Through the end of March, Cardwell will have unlimited access to Robinson’s home, the artist having recently been awarded the Aminah Robinson Fellowship, following in the footsteps of past winners such as Richard “Duarte” Brown and Beverly Whiteside, each of whom took radically different approaches to the residency. Brown, for one, embraced the space as though it were his own, filling the shelves with handmade figures and allowing his art to spill from the basement through the first-floor dining room and studio. Whiteside, in contrast, took a more reserved approach, carving out a small space in the studio at the rear of the home in which she could work.
Cardwell, for her part, said she has embraced the idea of expansion – not only in terms of how she plans to use the space but also in how it relates her craft, with plans to move beyond colored pencil and watercolor portraiture, experimenting with everything from sculpture to collage.
“When I first came in, I thought I would keep it minimal and just bring my sketchbook and a few other little things,” Cardwell said. “But then I thought about how Aminah spread out when she did her artwork, and how it all means something. And now I’m getting comfortable with not only bringing things into [the studio] to work but then also spreading into the dining room and into the living room and [upstairs] into the writing room. … Miss Deidre Hamler (Columbus Museum of Art’s curator at large) came in and she said, ‘You can work anywhere.’ And I was like, ‘Remember you said that…’”
Like Robinson before her, Cardwell is also an educator, having until recently taught art at Harvest Preparatory School and the Shepard School, sharing how she continually found inspiration in awakening students to the sense of possibility that exists within them. Now, after living a full life as a caretaker, Cardwell said she is ready to tap into that same sense within herself, giving priority to her own work for really the first time.
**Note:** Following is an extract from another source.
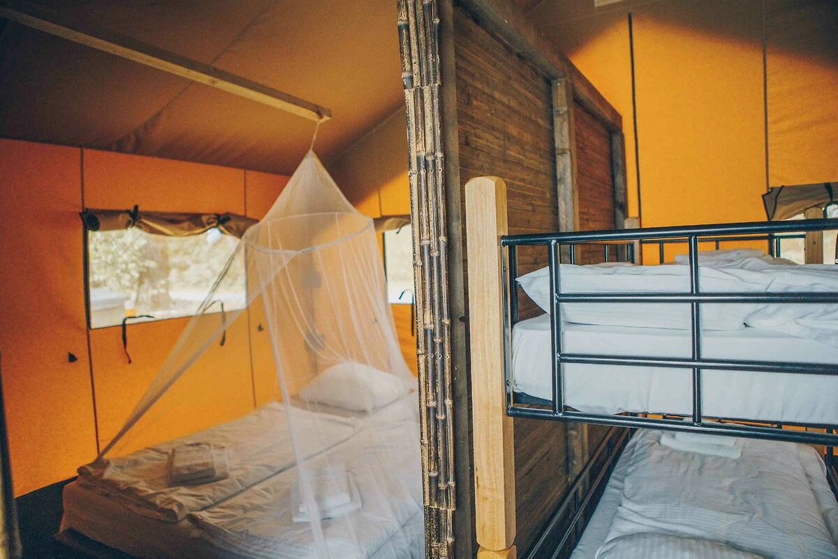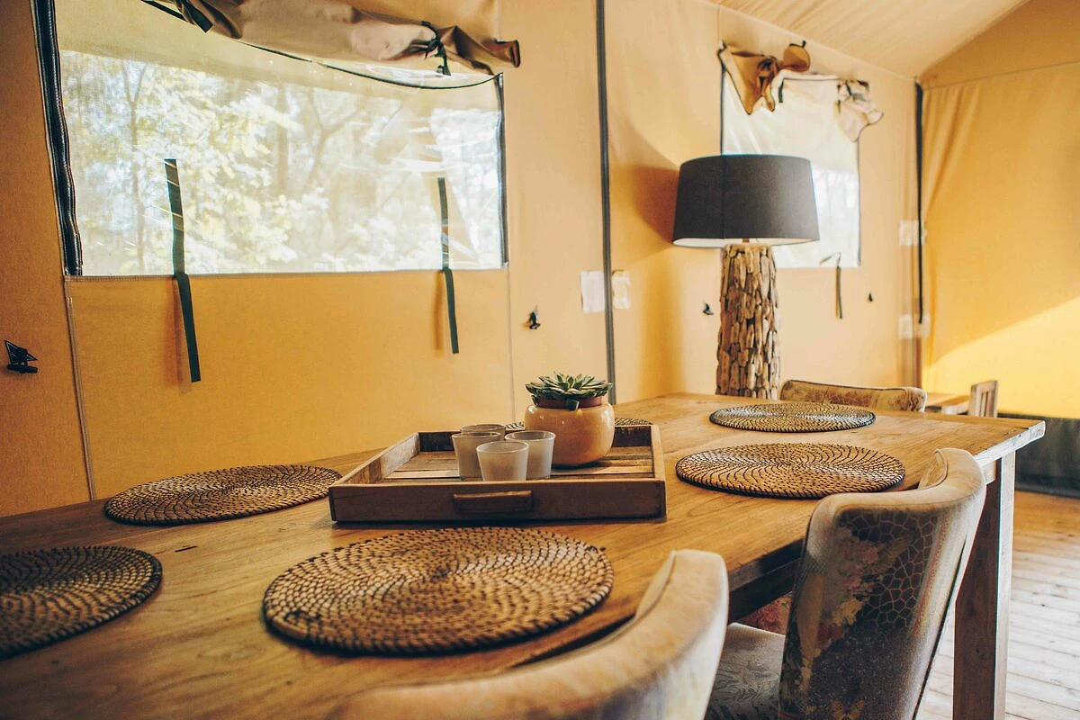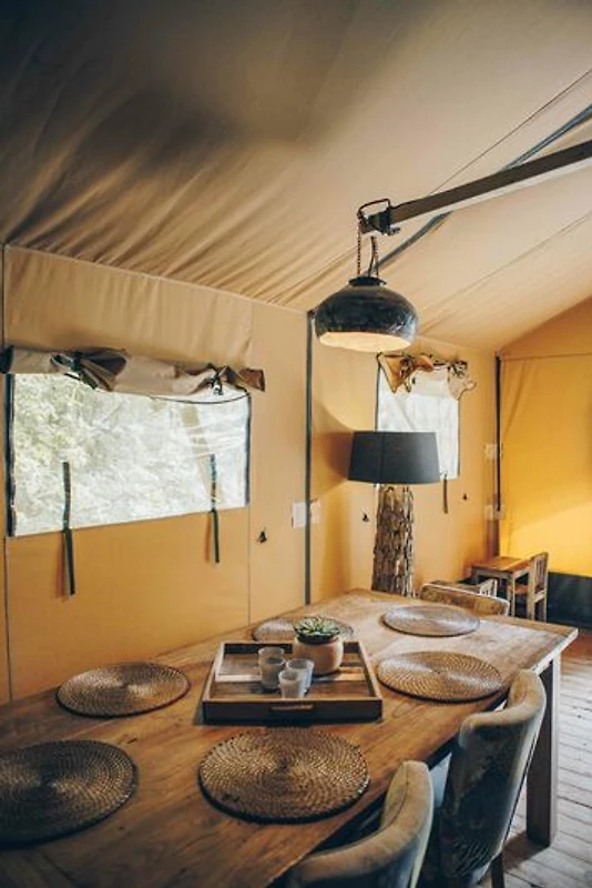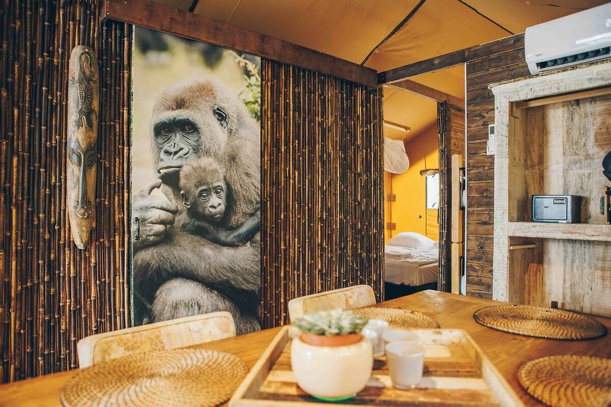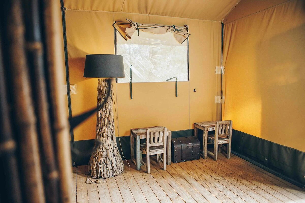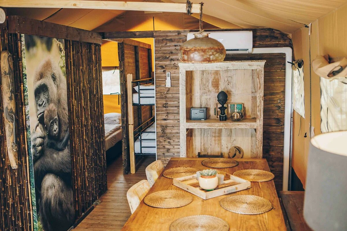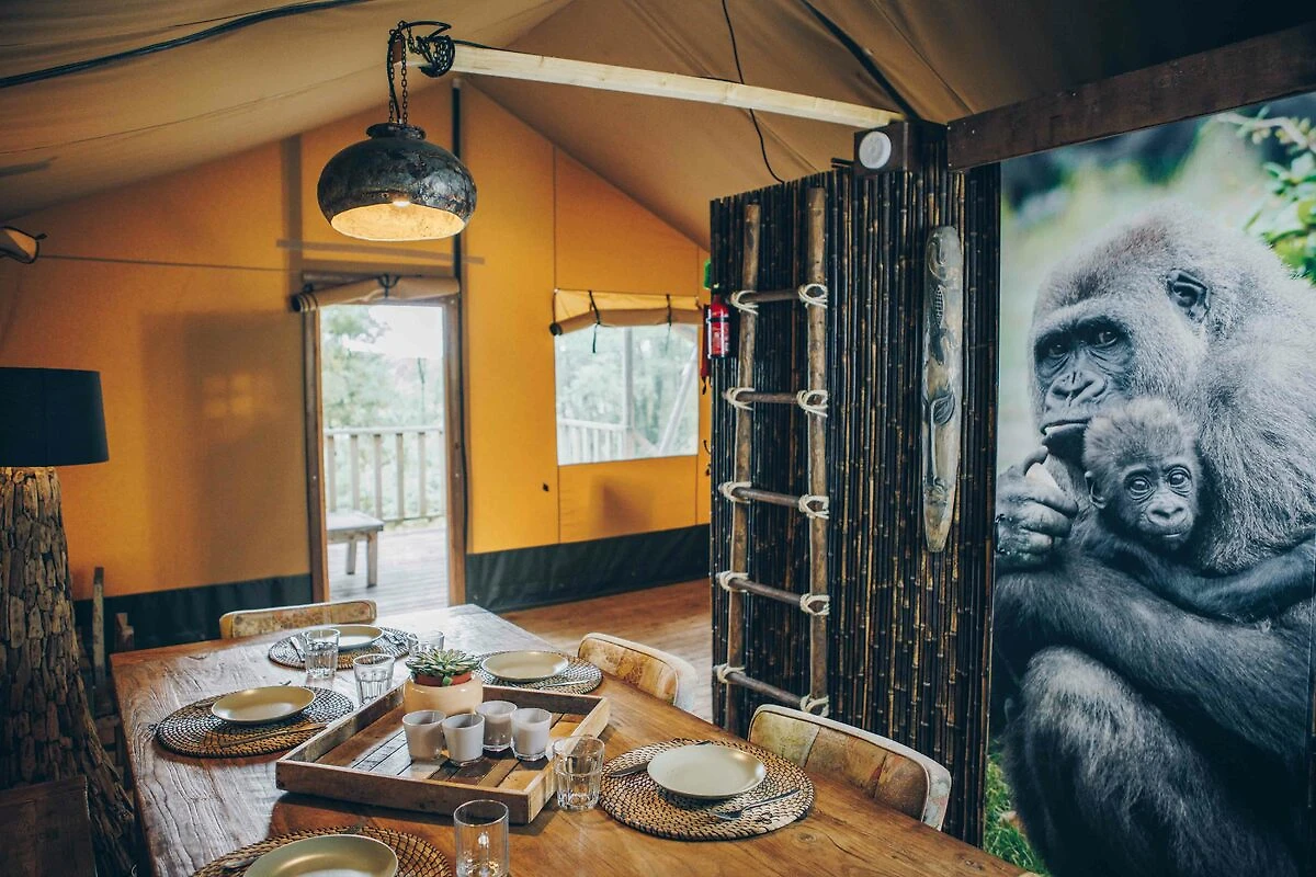 Tauchen Sie ein in eine Welt voller Safari-Feeling, mitten im Grünen. Unsere stimmungsvollen Glamping-Zelte für 5 Personen sind im afrikanischen Stil eingerichtet und jedes bietet ein einzigartiges Thema: Übernachten Sie zum Beispiel zwischen Nashörnern, Gorillas, Nilpferden oder Giraffen. Mit zwei Schlafzimmern – darunter ein Elternschlafzimmer mit Doppelbett und ein Kinderzimmer mit Einzel- und Etagenbett – ist das Zelt ideal für bis zu fünf Personen. Der Holzfussboden und die grosszügige Veranda sorgen für zusätzlichen Komfort und eine warme Atmosphäre.Komfort wie zu Hause – mitten in der Natur
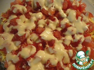 Сбрызгиваем помидор майонезом. Без фанатизма, салат и так достаточно калорийным выходит.

“Everybody will tell you I was always doing something else. I wasn’t doing my own artwork, and I wasn’t showing,” Cardwell said. “I would watch other people show, but I would say, ‘Well, I can’t do that right now.’ And I don’t have an excuse anymore. I can do it. Even though I hit 60, it’s okay. I can do it, because I’ve seen people start being artists at 80. I can do anything I need to do. Coming in here, being in this atmosphere, it’s almost like, yes, I’m just getting started.”
Growing up with undiagnosed dyslexia, Cardwell said she leaned into art from an early age, finding it easier to convey what she wanted to say with drawings, which occasionally turned up in places her parents wished they hadn’t, colored on walls and painted onto bedspreads. Oftentimes, Cardwell would sketch her surroundings, including the banana trees that dotted the landscape in the Philippines, where the family lived for three years – one in a series of moves brought about by her father’s military career. (Cardwell landed in Columbus permanently following her father's retirement from the service.)
Gradually, Cardwell said, she uncovered her voice as an artist through this running documentation, particularly as she began to draw the faces of relatives and neighbors as a means of recording her family history, comparing it with the way that Robinson so lovingly documented the people who moved within her own community. “Aminah, she recorded the neighborhood, and the things people did – the people who sold umbrellas, the people who repaired shoes – and I loved that, because I wouldn’t know that [past] if she didn’t record it,” Cardwell said.
“So, for me, it’s a way of recording my past,” the artist continued, pointing me toward a smattering of the self-described “characters” hung in the studio, who with their exaggerated features have helped keep the artist company in the early days of the residency. “This one is a cousin, who is someone from my childhood down in the valley in Cadiz, Ohio. And he’s no longer with us, but he was one of my older cousins. … For me, [these drawings] are a recording of what people go through, and the way we had to move, twist, reshape ourselves to get from where we were to where we end up. You have to evolve into the life that you’re in, and that shows up in all of us.”
Cardwell said she first met Robinson around 2012 during an event at the King Arts Complex, recalling how first words out of the elder’s mouth were to ask if Cardwell had brought her sketchbook with her – a way of holding the artist to account that Cardwell said continues to motivate. “I still hear Aminah say that you gotta eat, drink, dream, breathe and live your art,” she said. “And that’s where I want to be when I leave out of here.”